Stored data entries
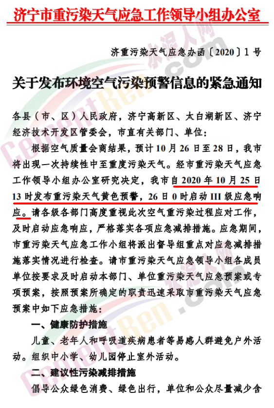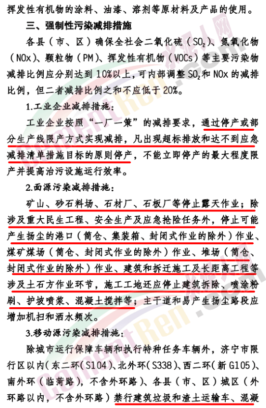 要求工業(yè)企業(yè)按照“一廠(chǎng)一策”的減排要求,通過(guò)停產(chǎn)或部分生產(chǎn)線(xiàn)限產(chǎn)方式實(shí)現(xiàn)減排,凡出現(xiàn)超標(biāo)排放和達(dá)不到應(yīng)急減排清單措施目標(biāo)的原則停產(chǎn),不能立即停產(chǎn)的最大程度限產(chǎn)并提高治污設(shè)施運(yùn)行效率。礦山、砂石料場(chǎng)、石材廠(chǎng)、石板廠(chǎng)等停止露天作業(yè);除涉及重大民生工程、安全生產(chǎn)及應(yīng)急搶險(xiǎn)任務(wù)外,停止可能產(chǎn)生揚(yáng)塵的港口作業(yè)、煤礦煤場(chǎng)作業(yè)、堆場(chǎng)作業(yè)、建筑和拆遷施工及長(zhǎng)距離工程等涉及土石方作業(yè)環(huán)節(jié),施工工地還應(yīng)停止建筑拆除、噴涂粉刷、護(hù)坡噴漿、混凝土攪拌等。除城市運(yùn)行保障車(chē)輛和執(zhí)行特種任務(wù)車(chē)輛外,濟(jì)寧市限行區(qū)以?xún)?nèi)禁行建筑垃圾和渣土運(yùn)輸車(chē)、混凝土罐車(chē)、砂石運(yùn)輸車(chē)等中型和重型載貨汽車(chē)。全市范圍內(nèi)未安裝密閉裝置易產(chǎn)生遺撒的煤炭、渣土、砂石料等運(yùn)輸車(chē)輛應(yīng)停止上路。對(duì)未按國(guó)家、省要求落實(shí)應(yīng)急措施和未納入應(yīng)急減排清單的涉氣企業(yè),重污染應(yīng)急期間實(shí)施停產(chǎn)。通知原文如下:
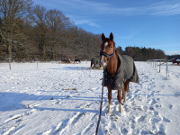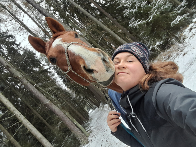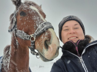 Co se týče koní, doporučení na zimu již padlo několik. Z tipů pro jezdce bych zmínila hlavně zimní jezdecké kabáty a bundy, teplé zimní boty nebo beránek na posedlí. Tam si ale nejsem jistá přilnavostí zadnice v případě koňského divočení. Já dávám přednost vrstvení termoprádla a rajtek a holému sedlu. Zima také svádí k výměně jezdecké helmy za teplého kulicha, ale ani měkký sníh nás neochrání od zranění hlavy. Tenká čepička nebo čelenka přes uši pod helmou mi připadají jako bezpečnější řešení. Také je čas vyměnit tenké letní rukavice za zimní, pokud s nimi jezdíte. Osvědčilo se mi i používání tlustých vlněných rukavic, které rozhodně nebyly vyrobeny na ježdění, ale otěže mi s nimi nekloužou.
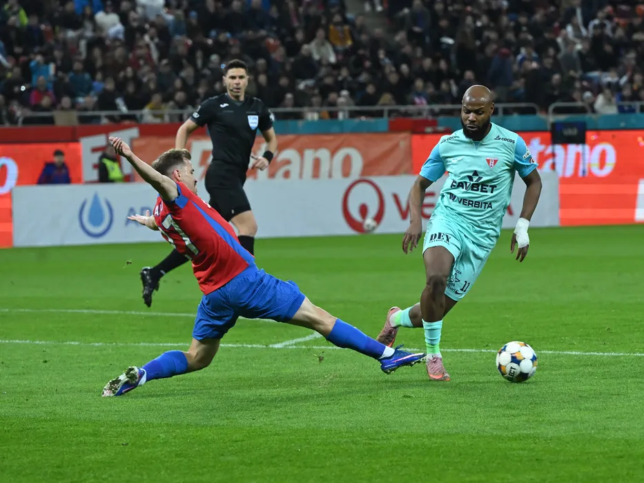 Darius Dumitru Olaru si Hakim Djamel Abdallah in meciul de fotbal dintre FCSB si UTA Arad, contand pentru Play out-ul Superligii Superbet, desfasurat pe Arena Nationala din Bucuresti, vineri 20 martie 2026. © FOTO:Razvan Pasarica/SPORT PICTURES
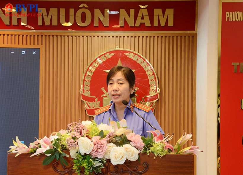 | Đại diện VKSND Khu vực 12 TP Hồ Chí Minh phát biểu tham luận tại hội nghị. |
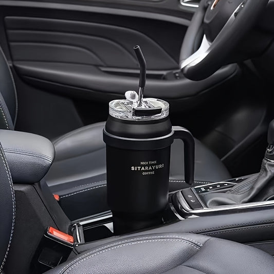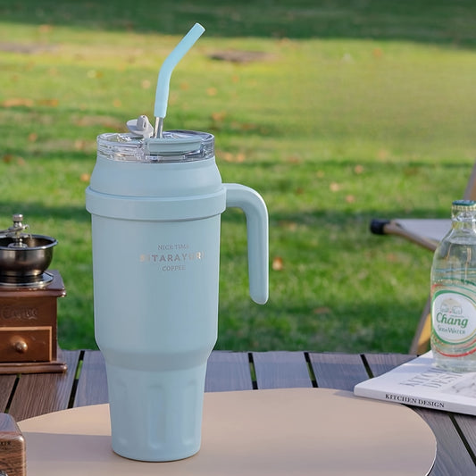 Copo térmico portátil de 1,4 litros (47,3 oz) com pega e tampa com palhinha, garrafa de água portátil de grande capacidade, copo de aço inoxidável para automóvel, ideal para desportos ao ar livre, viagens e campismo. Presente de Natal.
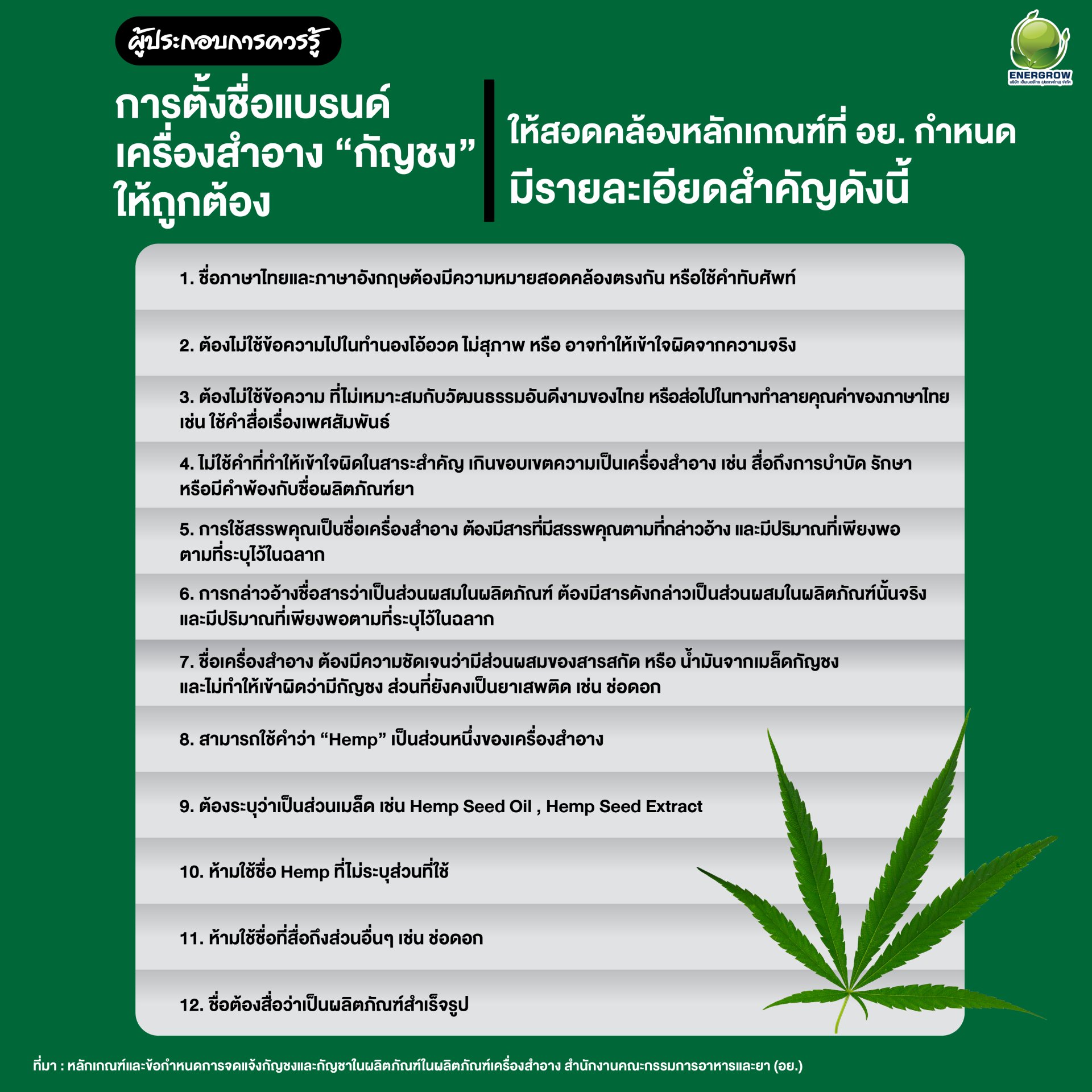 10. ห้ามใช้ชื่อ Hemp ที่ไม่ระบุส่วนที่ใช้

# Work order
Each entry needs to be returned verbatim, with its pictures left out.

# Response for this exercise
 要求工業(yè)企業(yè)按照“一廠(chǎng)一策”的減排要求,通過(guò)停產(chǎn)或部分生產(chǎn)線(xiàn)限產(chǎn)方式實(shí)現(xiàn)減排,凡出現(xiàn)超標(biāo)排放和達(dá)不到應(yīng)急減排清單措施目標(biāo)的原則停產(chǎn),不能立即停產(chǎn)的最大程度限產(chǎn)并提高治污設(shè)施運(yùn)行效率。礦山、砂石料場(chǎng)、石材廠(chǎng)、石板廠(chǎng)等停止露天作業(yè);除涉及重大民生工程、安全生產(chǎn)及應(yīng)急搶險(xiǎn)任務(wù)外,停止可能產(chǎn)生揚(yáng)塵的港口作業(yè)、煤礦煤場(chǎng)作業(yè)、堆場(chǎng)作業(yè)、建筑和拆遷施工及長(zhǎng)距離工程等涉及土石方作業(yè)環(huán)節(jié),施工工地還應(yīng)停止建筑拆除、噴涂粉刷、護(hù)坡噴漿、混凝土攪拌等。除城市運(yùn)行保障車(chē)輛和執(zhí)行特種任務(wù)車(chē)輛外,濟(jì)寧市限行區(qū)以?xún)?nèi)禁行建筑垃圾和渣土運(yùn)輸車(chē)、混凝土罐車(chē)、砂石運(yùn)輸車(chē)等中型和重型載貨汽車(chē)。全市范圍內(nèi)未安裝密閉裝置易產(chǎn)生遺撒的煤炭、渣土、砂石料等運(yùn)輸車(chē)輛應(yīng)停止上路。對(duì)未按國(guó)家、省要求落實(shí)應(yīng)急措施和未納入應(yīng)急減排清單的涉氣企業(yè),重污染應(yīng)急期間實(shí)施停產(chǎn)。通知原文如下:
 Co se týče koní, doporučení na zimu již padlo několik. Z tipů pro jezdce bych zmínila hlavně zimní jezdecké kabáty a bundy, teplé zimní boty nebo beránek na posedlí. Tam si ale nejsem jistá přilnavostí zadnice v případě koňského divočení. Já dávám přednost vrstvení termoprádla a rajtek a holému sedlu. Zima také svádí k výměně jezdecké helmy za teplého kulicha, ale ani měkký sníh nás neochrání od zranění hlavy. Tenká čepička nebo čelenka přes uši pod helmou mi připadají jako bezpečnější řešení. Také je čas vyměnit tenké letní rukavice za zimní, pokud s nimi jezdíte. Osvědčilo se mi i používání tlustých vlněných rukavic, které rozhodně nebyly vyrobeny na ježdění, ale otěže mi s nimi nekloužou.
 Darius Dumitru Olaru si Hakim Djamel Abdallah in meciul de fotbal dintre FCSB si UTA Arad, contand pentru Play out-ul Superligii Superbet, desfasurat pe Arena Nationala din Bucuresti, vineri 20 martie 2026. © FOTO:Razvan Pasarica/SPORT PICTURES
 | Đại diện VKSND Khu vực 12 TP Hồ Chí Minh phát biểu tham luận tại hội nghị. |
 Copo térmico portátil de 1,4 litros (47,3 oz) com pega e tampa com palhinha, garrafa de água portátil de grande capacidade, copo de aço inoxidável para automóvel, ideal para desportos ao ar livre, viagens e campismo. Presente de Natal.
 10. ห้ามใช้ชื่อ Hemp ที่ไม่ระบุส่วนที่ใช้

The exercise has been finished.